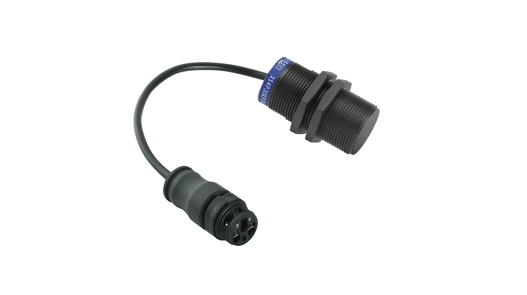 Sensore di prossimità induttivo cilindrico, PNP, M30 x 1.5, rilevamento 15 mm, tensione di alimentazione 12-48 V, uscita discreta normalmente aperta, montaggio a filo, materiale plastico, grado di protezione IP68, lunghezza 62 mm, collegamento elettrico con morsetto a vite, lunghezza cavo 0,15 m. Codice costruttore XS4P30PA370L01B, marchio Telemecanique Sensors.
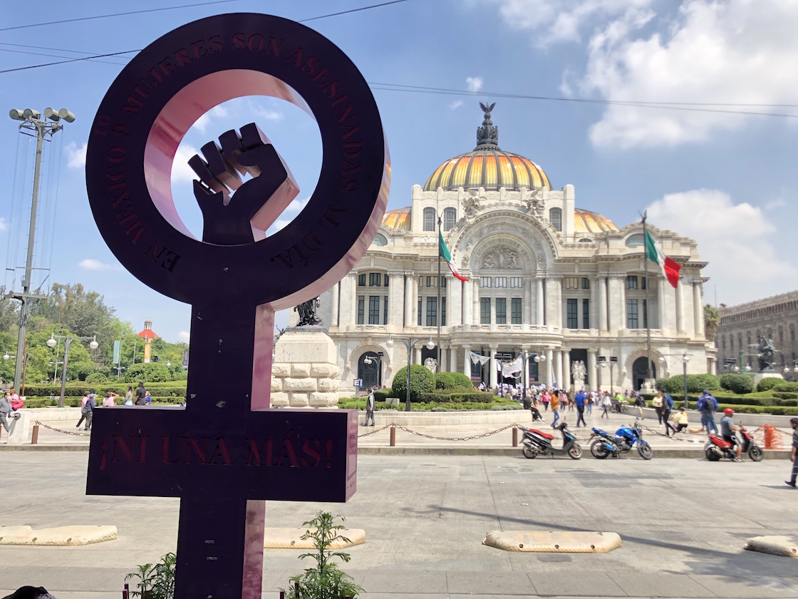 Sobre Avenida Juárez, caminamos un poco más enfilándonos hacia el Zócalo y llegamos al Palacio de Bellas Artes, esplendoroso. Sin embargo, en la banqueta de enfrente recordamos la violencia que se vive en México, específicamente la violencia feminicida y la violencia de género.
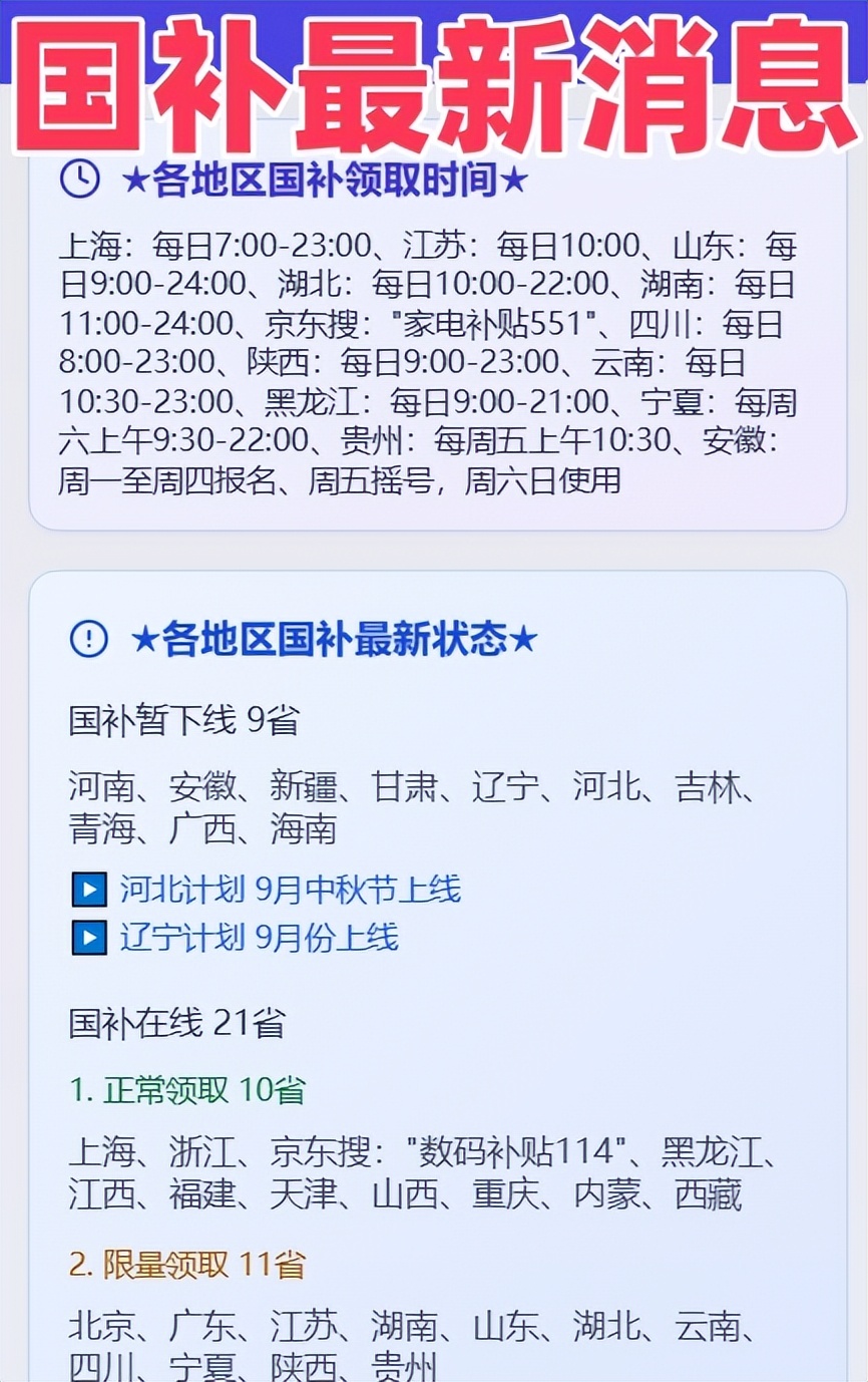 国补额度紧张!你抢到了吗?国补政策9月14日最新消息:多地暂停后重启,抢券摇号成常态,最新国补领取入口
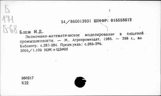 ИНИОН РАН ИМИДЖ-КАТАЛОГ ОББО ИНИОН РАН Отдел ББО при Институте мировой экономики и международных отношений... Предметный каталог Переходный период от капитализма к социализму - "Планирование" капи... Пищевая промышленность. СССР. Математические методы
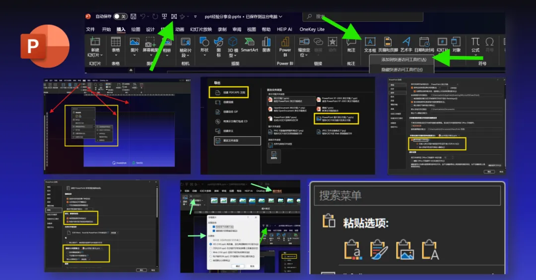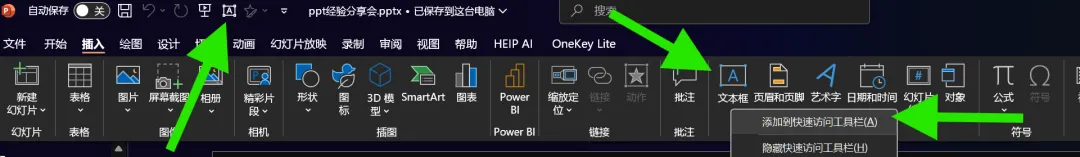 快速工具栏的使用,对任意选项卡右键即可调出,把个人常用的加在上方即可(例如文本框、选择窗格、形状)
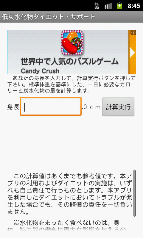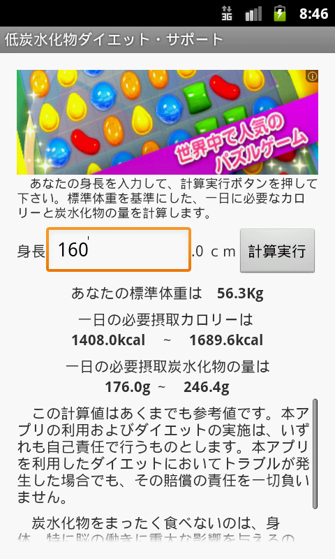 ・身長から標準体重を割り出し、一日に必要な摂取カロリーと、炭水化物の量を計算します。
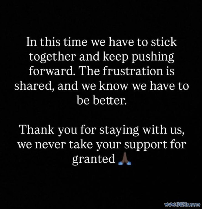 中场帕佩·萨尔在赛后通过社媒发文向球迷们致歉:“在这段手艺,咱们必须配合一致,持续前进。咱们一样感到不振,而且深知咱们必须作念得更好。”
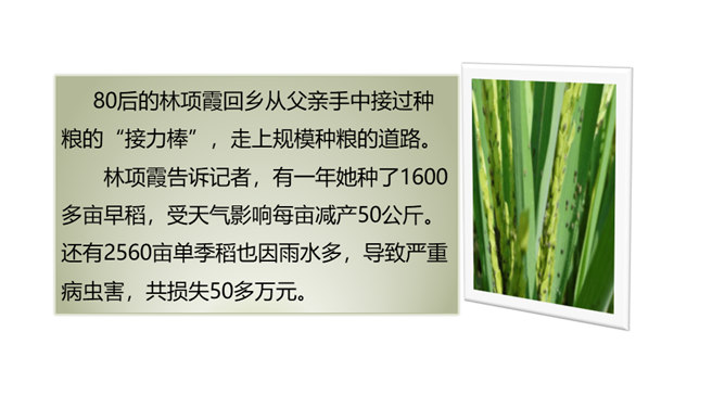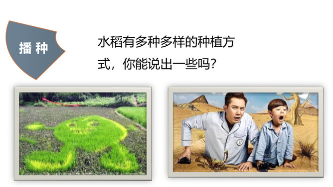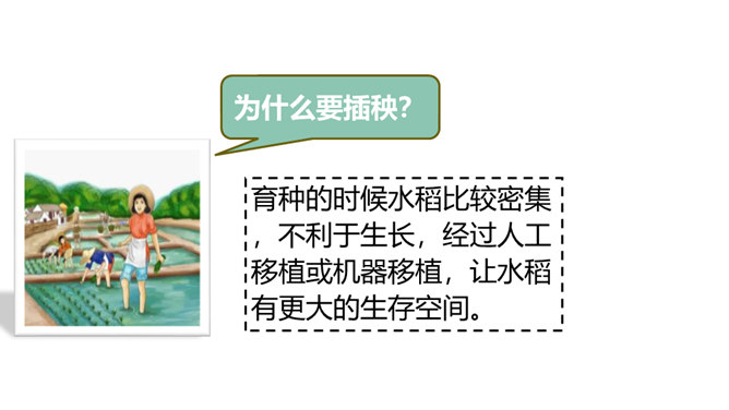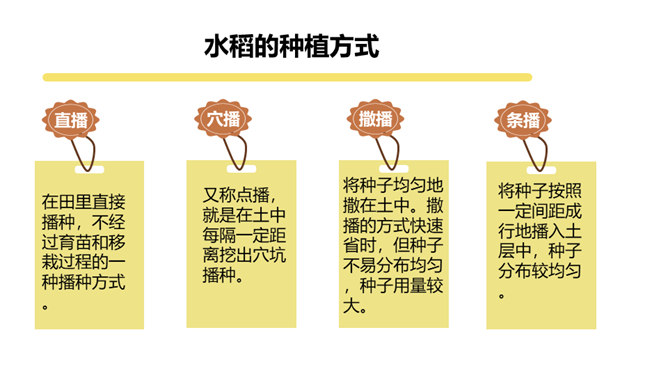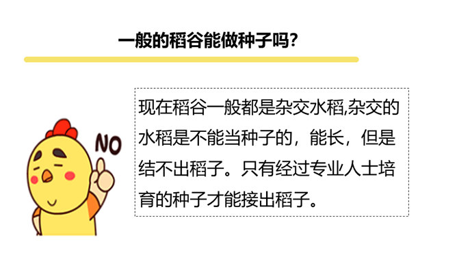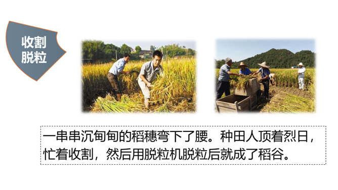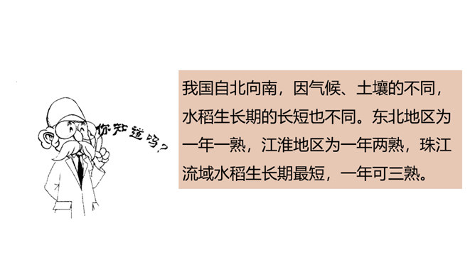 现在稻谷一般都是杂交水稻,杂交的水稻是不能当种子的,能长,但是结不出稻子。只有经过专业人士培育的种子才能接出稻子。我国自北向南,因气候、土壤的不同,水稻生长期的长短也不同。东北地区为一年一熟,江淮地区为一年两熟,珠江流域水稻生长期最短,一年可三熟。先辈们敬粮食若神明,不容丝毫亵渎。粮食有生命,也有灵性,吃饭不只是得口舌之快,还是生命与生命的相遇,人们咀嚼粮食也是咀嚼时光。人与粮食同行,有辛苦,有温暖,有感恩,有敬畏……所属专题:我们的衣食之源ppt。
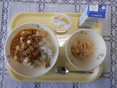 【給食メニュー】 マーボ丼、棒々鶏サラダ、高根沢産にっこりゼリーです。マーボ丼にはたくさんの具が入っていて味も最高でした。

■ **Work instructions**:
Go to the line above holding "快速工具栏的使用,对任意选项", then copy exactly each line down to and including the one holding "中场帕佩·萨尔在赛后通过社媒", leaving pictures out.

■ **Response**:
 快速工具栏的使用,对任意选项卡右键即可调出,把个人常用的加在上方即可(例如文本框、选择窗格、形状)
 ・身長から標準体重を割り出し、一日に必要な摂取カロリーと、炭水化物の量を計算します。
 中场帕佩·萨尔在赛后通过社媒发文向球迷们致歉:“在这段手艺,咱们必须配合一致,持续前进。咱们一样感到不振,而且深知咱们必须作念得更好。”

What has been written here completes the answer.